Looking for a Great Summer Read? Check Out CISS Affiliates’ Latest Books!

This article was written by  Anne Joseph (CAS’25), the Summer Writing Intern Program social science intern.

CISS affiliates have published books as we near the halfway point of 2024 and we are excited to feature a few of those professors and their latest books for your summer reading list!

Ana Villarreal

The Two Faces of Fear: Violence and Inequality in the Mexican Metropolis

After more than 10 years of data collection and analysis, Professor Ana Villarreal (CAS/Sociology, & CISS Affiliate) published the long-awaited The Two Faces of Fear in April 2024. This book examines the social functions of fear and violence in the Monterrey, Mexico community amidst a major turf war in the city. Villarreal, herself a native of Monterrey,  highlights to readers that her new book provides “a rare insider ethnography of what the privileged do when they are in peril and how their strategies matter for broader inequalities.” The author conducted two years of qualitative fieldwork during the stages of conflict in the area.
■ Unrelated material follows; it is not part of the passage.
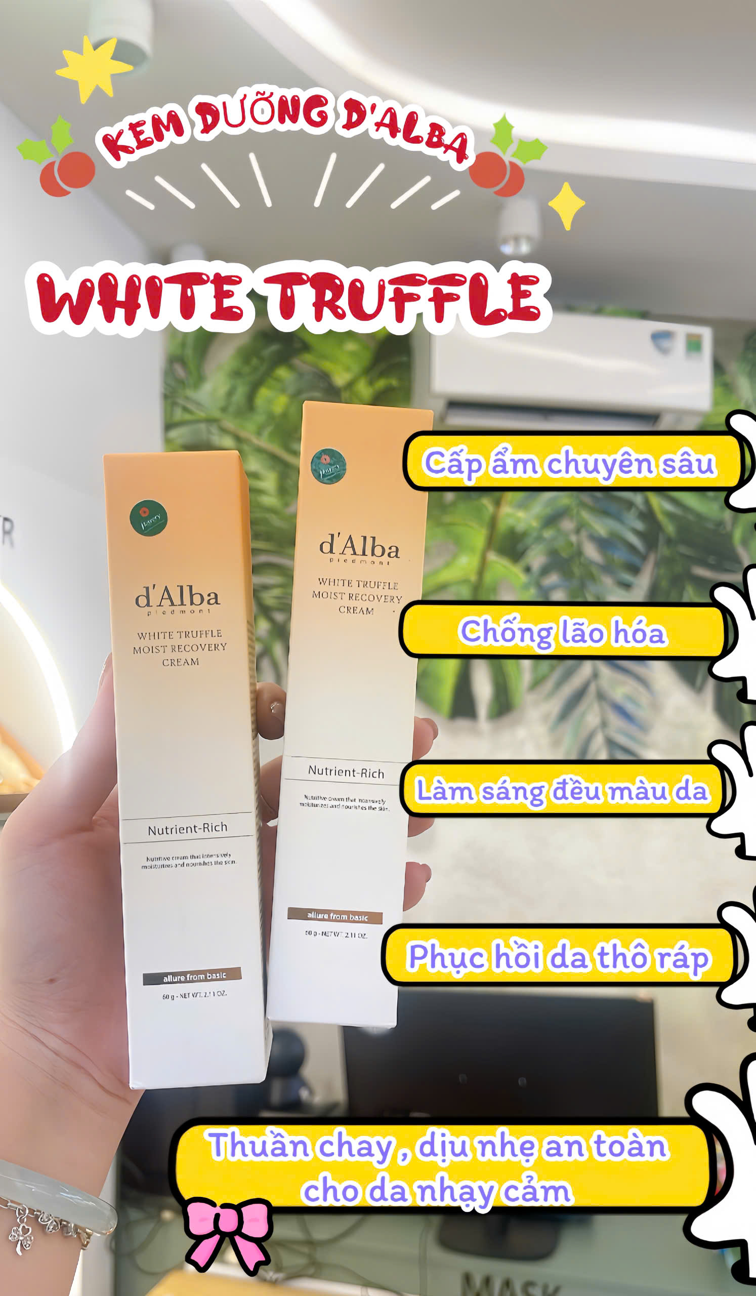❌Kem dưỡng D’alba White Truffle Moist Recovery Cream là loại kem CẤP ẨM CHUYÊN SÂU kết hợp LÀM TRẮNG VÀ LÀM TRẺ HOÁ DA CHỐNG LÃO HOÁ với chiết xuất từ nấm Truffle trắng cung cấp dưỡng chất dồi dào, hồi sinh làn da xỉn màu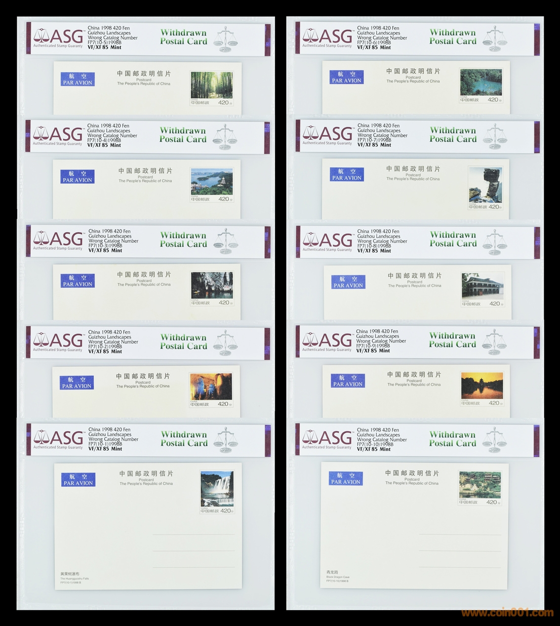 原定1998年11月25日發(fā)行的“貴州風(fēng)光”郵資片,由于重慶市和陜西省的部分郵局未遵守國(guó)家郵政局的有關(guān)規(guī)定,提前20多天就對(duì)外銷(xiāo)售。這套明信片分為A、B兩組,A組為國(guó)內(nèi)郵資,面值40分,全套10枚,售價(jià)7元;B組為國(guó)際郵資,面值420分,全套10枚,售價(jià)45元。明信片的郵票圖案和背面圖案名稱相同,分別為:(10-1)黃果樹(shù)瀑布、(10-2)織金洞、(10-3)龍宮、(10-4)紅楓湖、(10-5)竹海公園、(10-6)小七孔、(10-7)梵凈山、(10-8)遵義會(huì)議會(huì)址、(10-9)甲秀樓、(10-10)青龍洞。公開(kāi)銷(xiāo)售數(shù)日后,有集郵者發(fā)現(xiàn)“貴州風(fēng)光”郵資片的志號(hào)FP7與7月30日發(fā)行的“武陵源風(fēng)光”郵資片志號(hào)相同,便打電話向國(guó)家郵政局反映。國(guó)家郵政局接到電話后高度重視,因?yàn)榘褍商罪L(fēng)光片志號(hào)印重,就猶如把兩個(gè)人的身份證號(hào)碼弄重,以后會(huì)帶來(lái)許多問(wèn)題。如果將錯(cuò)就錯(cuò)發(fā)行,事必會(huì)給國(guó)家郵政局帶來(lái)負(fù)面影響。在11月6日接到電話的當(dāng)天下午,國(guó)家郵政局電傳全國(guó)各省、市區(qū)郵政局,通知停止銷(xiāo)售FP7“貴州風(fēng)光”郵資片,并命令必須于11月18日前全部上交總局銷(xiāo)毀。隨后,重新印制了正確志號(hào)的FP8“貴州風(fēng)光”郵資片,并在當(dāng)年11月25日發(fā)行。

She aims to understand “how fear both isolates and regroups people and resources deepening socio-spatial divides.” If you are looking for a summer read that “offers a new approach to the study of emotion and evidence of how fear worsens inequality beyond Mexico and the ‘war on drugs,” then look no further than Professor Villarreal’s new work published by the Oxford University Press.

David M. Carballo

Collective Action and the Reframing of Early Mesoamerica

At the very beginning of 2024, Professor David M. Carballo (CAS/Anthropology, Archaeology, andLatin American Studies, & CISS Affiliate) published the latest work in his academic repertoire, Collective Action and the Reframing of Early Mesoamerica. This book, co-authored with Gary M. Feinman (University of Chicago-Illinois) uses archaeological and historical records centering on prehispanic Mesoamerica to illuminate how collective-action theory explains social dynamics from the past. According to Professor Carballo, this book “provides a corrective to popular notions of most past societies having been organized despotically and instead presents a spectrum of types of systems of governance, resource management regimes, and interactions between social groups and institutions.” To readers particularly fond of a reference to Boston, Carballo highlights that the book “begins and ends in Boston Common as an example of resource dilemmas and collective endeavors only partially fulfilled in our city’s history.” Carballo is currently teaching as a faculty member at the BU Madrid Program and would like to recommend The Ornament of the World: How Muslims, Jews and Christians Created a Culture of Tolerance in Medieval Spain by Maria Rosa Menocal to the CISS community as it offers “a more humanistic take on an issue of interest to social scientists: how religious tolerance and multiculturalism can be fostered and also how it can unravel.”

Robert W. Hefner

Islam and Citizenship in Indonesia: Democracy and the Quest for an Inclusive Public Ethics

Published in December of 2023, Professor Robert W. Hefner’s new book Islam and Citizenship in Indonesia: Democracy and the Quest for an Inclusive Public Ethics draws on thirty five years of research on the phenomenon of an effective and sustainable democratic system in Indonesia. As the highest populated Muslim-majority country, “Indonesia’s vast Muslim mass organizations were actually critical to the country’s democratic achievement” in contrast to broader assumptions supporting the opposite perspective, according to CISS affiliate and CAS/Anthropology professor,Hefner. Hefner hopes that readers “appreciate that the history of democracy and citizenship in Indonesia offers insights into the question of how people of diverse ethnic and religious traditions can live together in equality and dignity, not just in Indonesia, but in all countries of the world.”

Check out any of these books and the authors’ recommendations this summer and look out for more publications throughout 2024!